Während an der Ansprache des Citroen auf der ersten Aufnahme als Typ B14 Cabriolet kein Zweifel besteht, sind aus Sicht des Verfassers zwei Dinge unklar:
- Man findet im Netz Fotos des Typs B14 mit durchlaufender Reihe von Luftschlitzen in der Haube ebenso wie mit auf die hintere Hälfte beschränkten Luftschlitzen. Was bedeutet dieser Unterschied?
- Offene Versionen des Citroen B14 sind auf vielen Fotos dokumentiert, doch keines davon zeigt einen Aufbau wie diesen mit breiter Zierleiste an der Seitenpartie:
Sicher können Citroen-Spezialisten diese Detailfragen beantworten. Der Blog-Eintrag zu dem Foto wird dann entsprechend angepasst, damit der Erkenntnisgewinn auch für künftige Leser festgehalten wird.
Willkommen sind auch Ideen, was die Personen angeht, die mit dem Cabriolet abgelichtet wurden. Die Menschen, aus deren Nachlass diese Fotos stammen, werden in diesem Blog ebenfalls gewürdigt, sie tragen oft zum Reiz der Aufnahmen bei.
Besonders ins Auge fällt das Paar, das vor der Kühlerpartie des Citroen posiert.

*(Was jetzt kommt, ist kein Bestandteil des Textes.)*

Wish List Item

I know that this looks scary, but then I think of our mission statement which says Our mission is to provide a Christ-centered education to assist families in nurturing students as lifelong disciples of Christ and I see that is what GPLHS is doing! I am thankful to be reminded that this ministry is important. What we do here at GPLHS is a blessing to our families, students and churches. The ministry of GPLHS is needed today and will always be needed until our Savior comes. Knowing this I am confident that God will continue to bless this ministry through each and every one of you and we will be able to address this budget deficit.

Die Kombination aus kurzer Lederhose, langärmligem Oberhemd mit Krawatte und militärischem Haarschnitt wirkt auf den heutigen Betrachter verwirrend. Der besitzergreifende Gestus scheint seine Partnerin nicht im geringsten zu stören.
Was sind das für Landsleute – Österreicher vielleicht? Leider ist das Nummernschild verdeckt.

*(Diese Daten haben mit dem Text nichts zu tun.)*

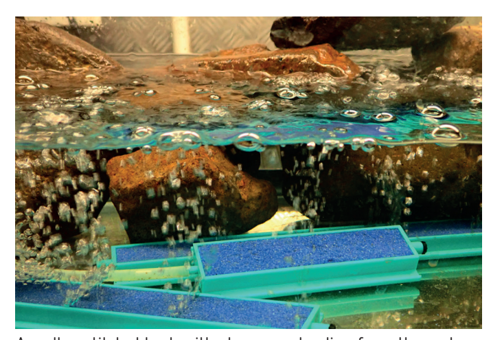
A well ventilated tank with stones protruding from the water and dry in the upper area serves for spawning. I Amadeus Plewnia
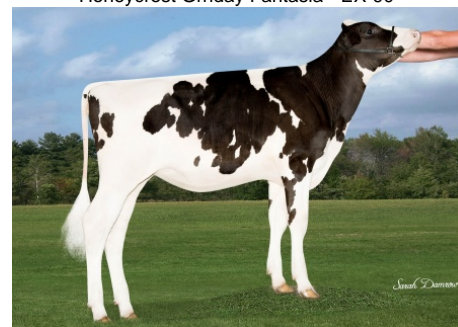
REASON'S Maternal Sister Fullthrottle Medley Music Sold for $31,000 in the 2018 World Classic Sale

Möglich auch, dass wir hier Reisende aus Süddeutschland vor uns haben, die mit ihrem Citroen auf dem Heimweg waren und sich noch einmal in Urlaubsstimmung ablichten ließen, bevor sie wieder in ein prosaischeres Alltagsdasein zurückkehrten…

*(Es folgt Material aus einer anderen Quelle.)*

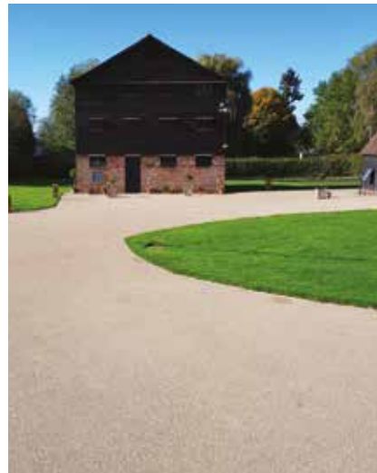
Silver Grey Granite 1-3mm,

© Michael Schlenger, 2018. All entries in this blog (including embedded photos) are copyrighted by the author, unless otherwise indicated. Excerpts and links may be used, provided that credit is given to Michael Schlenger and https://vorkriegs-klassiker-rundschau.blog with appropriate and specific direction to the original content.
Wunderbar, wenn man solche Leser hat – herzlichen Dank!
Die Vermutung dass das Bild aus Österreich ist unterstützt die Plakette des Österreichischen Touring Clubs auf der Seite. Auch die Landschaft mutet österreichisch an.